MATERIAL FOR THIS EXERCISE
- - -
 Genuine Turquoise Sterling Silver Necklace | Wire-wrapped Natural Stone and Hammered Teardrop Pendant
- - -
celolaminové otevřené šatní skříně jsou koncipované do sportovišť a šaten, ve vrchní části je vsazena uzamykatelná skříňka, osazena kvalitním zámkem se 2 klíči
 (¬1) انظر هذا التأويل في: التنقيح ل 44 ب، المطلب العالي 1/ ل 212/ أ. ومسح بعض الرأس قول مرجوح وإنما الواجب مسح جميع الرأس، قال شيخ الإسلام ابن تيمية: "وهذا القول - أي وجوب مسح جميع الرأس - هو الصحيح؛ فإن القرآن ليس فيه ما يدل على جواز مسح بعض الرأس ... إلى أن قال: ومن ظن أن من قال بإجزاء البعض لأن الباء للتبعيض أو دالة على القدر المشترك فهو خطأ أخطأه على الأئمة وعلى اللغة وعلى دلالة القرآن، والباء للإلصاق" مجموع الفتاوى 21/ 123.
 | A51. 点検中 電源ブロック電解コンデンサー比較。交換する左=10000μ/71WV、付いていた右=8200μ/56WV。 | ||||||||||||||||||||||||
- - -
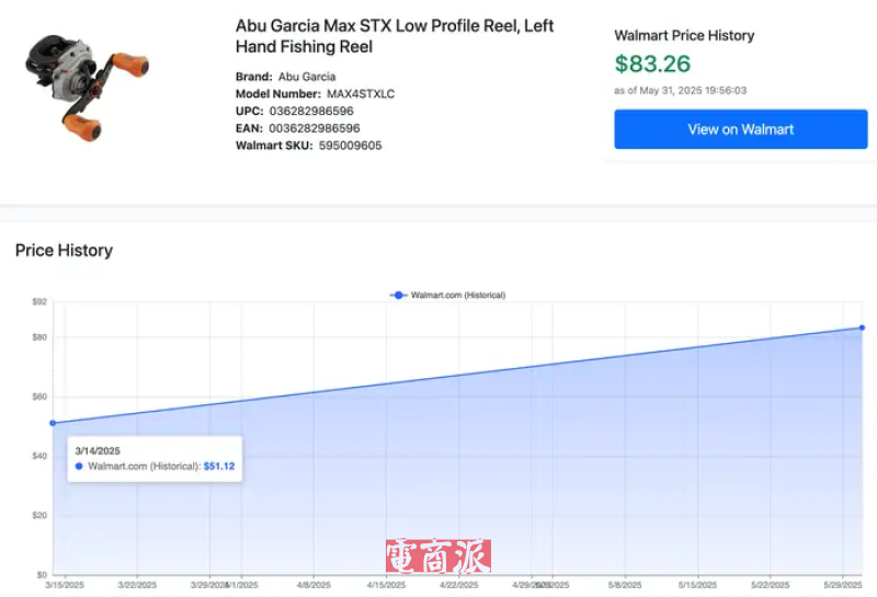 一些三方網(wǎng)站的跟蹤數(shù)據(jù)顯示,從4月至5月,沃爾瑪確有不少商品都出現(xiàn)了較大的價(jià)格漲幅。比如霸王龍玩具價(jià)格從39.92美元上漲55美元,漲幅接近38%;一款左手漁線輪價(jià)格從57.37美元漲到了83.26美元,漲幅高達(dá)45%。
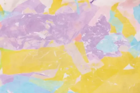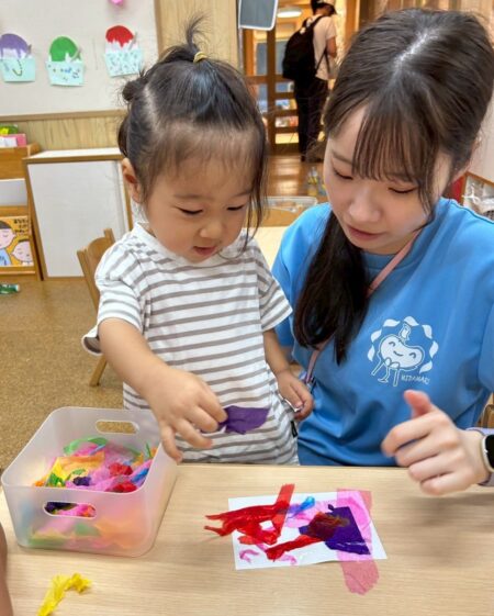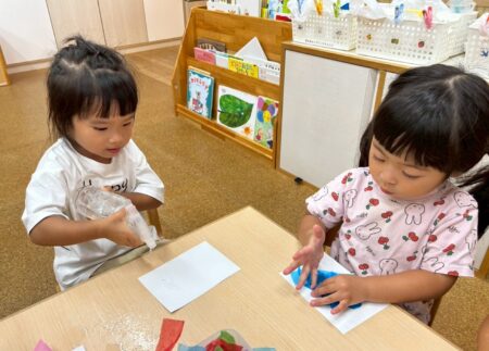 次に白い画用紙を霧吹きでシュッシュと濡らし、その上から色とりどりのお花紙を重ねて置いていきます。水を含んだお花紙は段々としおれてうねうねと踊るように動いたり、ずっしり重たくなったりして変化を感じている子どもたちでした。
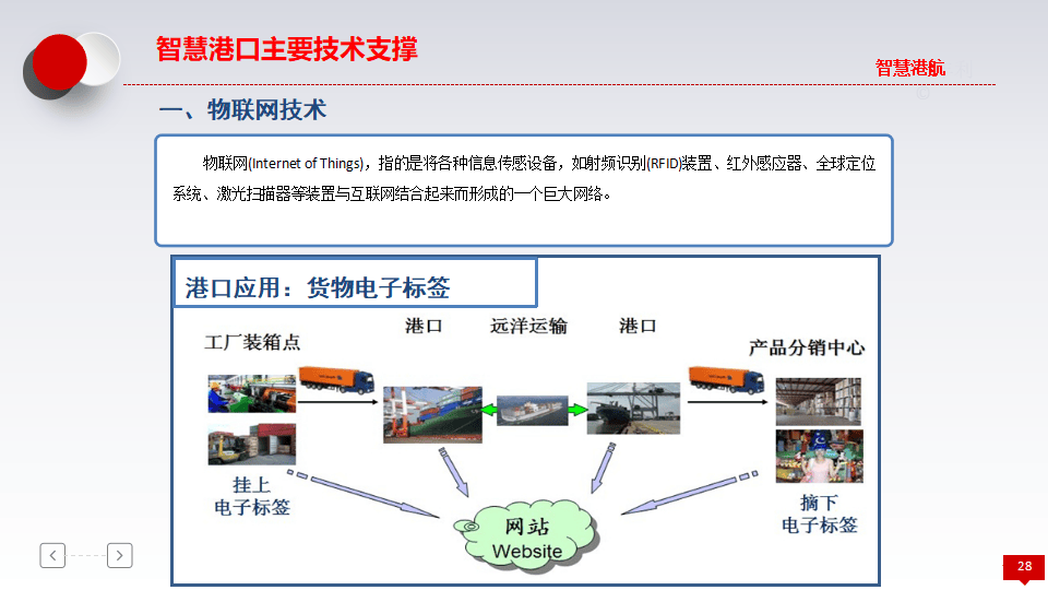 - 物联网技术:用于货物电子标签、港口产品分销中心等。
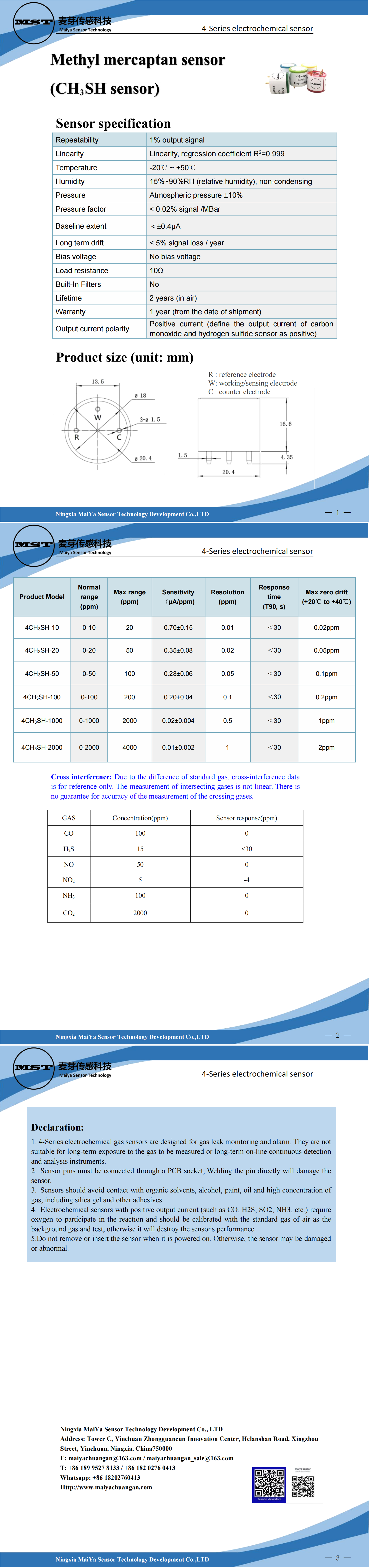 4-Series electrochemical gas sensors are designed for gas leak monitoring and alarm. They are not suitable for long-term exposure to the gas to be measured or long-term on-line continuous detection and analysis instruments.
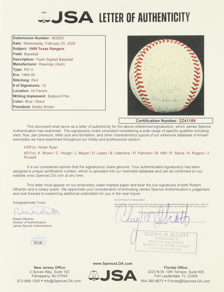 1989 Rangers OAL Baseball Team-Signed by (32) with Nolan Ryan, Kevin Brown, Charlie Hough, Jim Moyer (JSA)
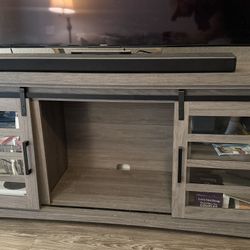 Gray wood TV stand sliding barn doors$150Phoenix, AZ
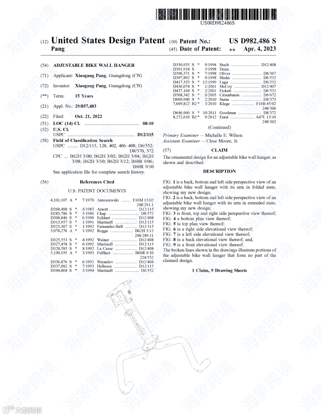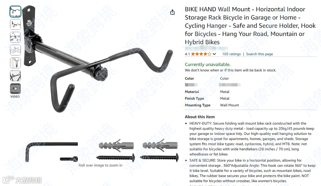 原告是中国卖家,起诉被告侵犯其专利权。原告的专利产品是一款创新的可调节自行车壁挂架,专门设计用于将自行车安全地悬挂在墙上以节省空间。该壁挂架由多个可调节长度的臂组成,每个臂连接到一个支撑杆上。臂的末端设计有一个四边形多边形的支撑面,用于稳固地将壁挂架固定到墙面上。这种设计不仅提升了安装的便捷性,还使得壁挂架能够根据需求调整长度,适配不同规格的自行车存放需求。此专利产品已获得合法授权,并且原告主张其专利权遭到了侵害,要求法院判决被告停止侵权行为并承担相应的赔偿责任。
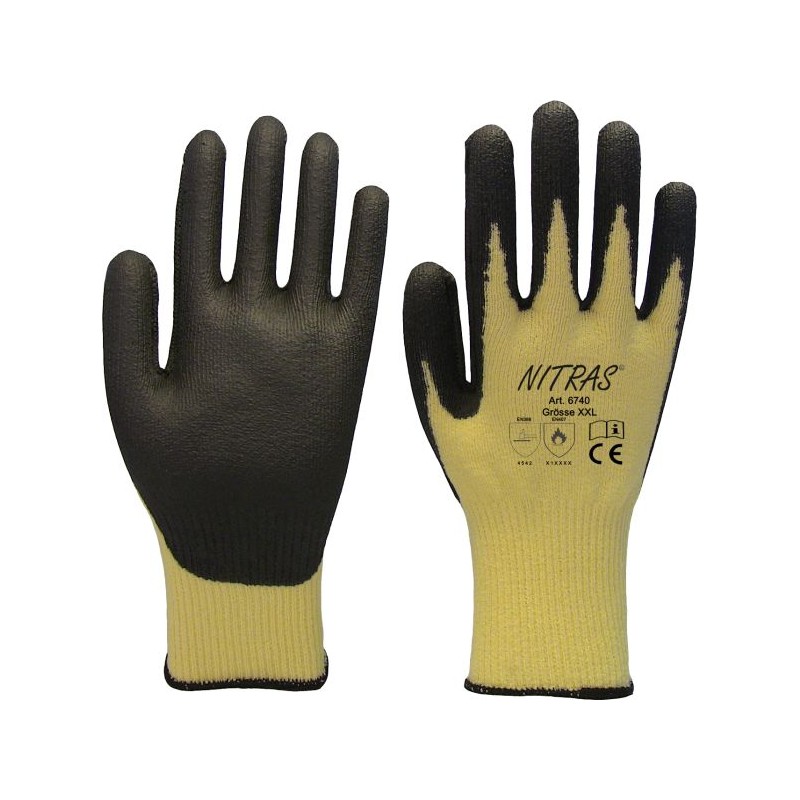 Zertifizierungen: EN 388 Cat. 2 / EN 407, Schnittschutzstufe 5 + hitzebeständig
- - -
WHAT THE TASK REQUIRES
Only one stretch of the entries above is needed: the lines from the one containing "次に白い画用紙を霧吹きでシュ" through the one containing "Zertifizierungen: EN 388". Copy it exactly, without the pictures.

TASK RESULT
 次に白い画用紙を霧吹きでシュッシュと濡らし、その上から色とりどりのお花紙を重ねて置いていきます。水を含んだお花紙は段々としおれてうねうねと踊るように動いたり、ずっしり重たくなったりして変化を感じている子どもたちでした。
 - 物联网技术:用于货物电子标签、港口产品分销中心等。
 4-Series electrochemical gas sensors are designed for gas leak monitoring and alarm. They are not suitable for long-term exposure to the gas to be measured or long-term on-line continuous detection and analysis instruments.
 1989 Rangers OAL Baseball Team-Signed by (32) with Nolan Ryan, Kevin Brown, Charlie Hough, Jim Moyer (JSA)
 Gray wood TV stand sliding barn doors$150Phoenix, AZ
 原告是中国卖家,起诉被告侵犯其专利权。原告的专利产品是一款创新的可调节自行车壁挂架,专门设计用于将自行车安全地悬挂在墙上以节省空间。该壁挂架由多个可调节长度的臂组成,每个臂连接到一个支撑杆上。臂的末端设计有一个四边形多边形的支撑面,用于稳固地将壁挂架固定到墙面上。这种设计不仅提升了安装的便捷性,还使得壁挂架能够根据需求调整长度,适配不同规格的自行车存放需求。此专利产品已获得合法授权,并且原告主张其专利权遭到了侵害,要求法院判决被告停止侵权行为并承担相应的赔偿责任。
 Zertifizierungen: EN 388 Cat. 2 / EN 407, Schnittschutzstufe 5 + hitzebeständig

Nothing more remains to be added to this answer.